"""
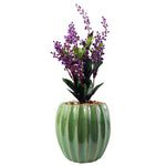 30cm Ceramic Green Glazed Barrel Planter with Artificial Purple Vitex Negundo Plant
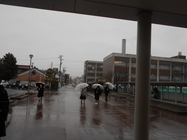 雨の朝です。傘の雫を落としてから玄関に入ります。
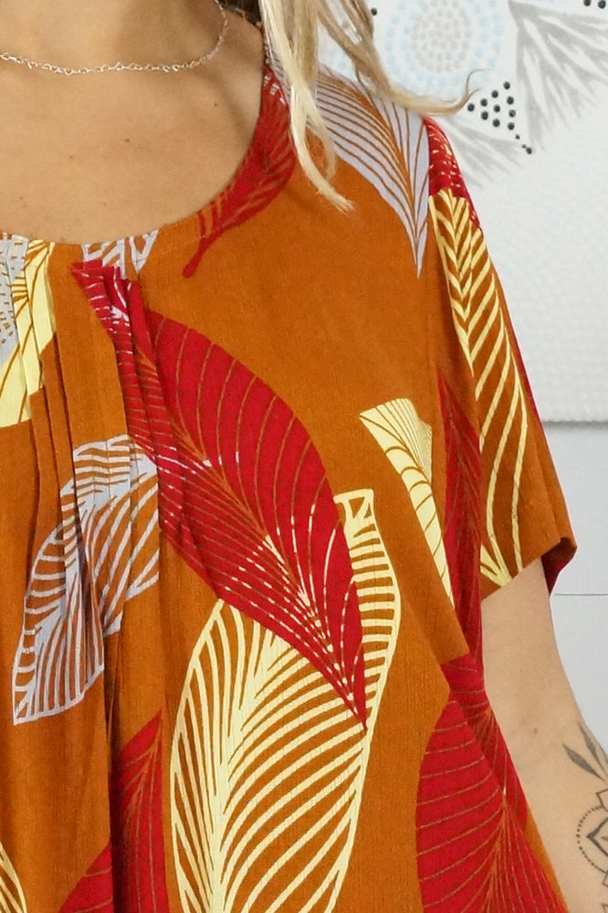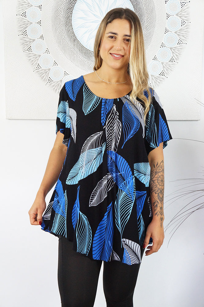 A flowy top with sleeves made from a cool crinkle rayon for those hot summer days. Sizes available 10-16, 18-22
"""
**Directions for this task**. All of the data above needs to be retyped exactly, with the pictures removed.

**Answer for this exercise**.
 30cm Ceramic Green Glazed Barrel Planter with Artificial Purple Vitex Negundo Plant
 雨の朝です。傘の雫を落としてから玄関に入ります。
 A flowy top with sleeves made from a cool crinkle rayon for those hot summer days. Sizes available 10-16, 18-22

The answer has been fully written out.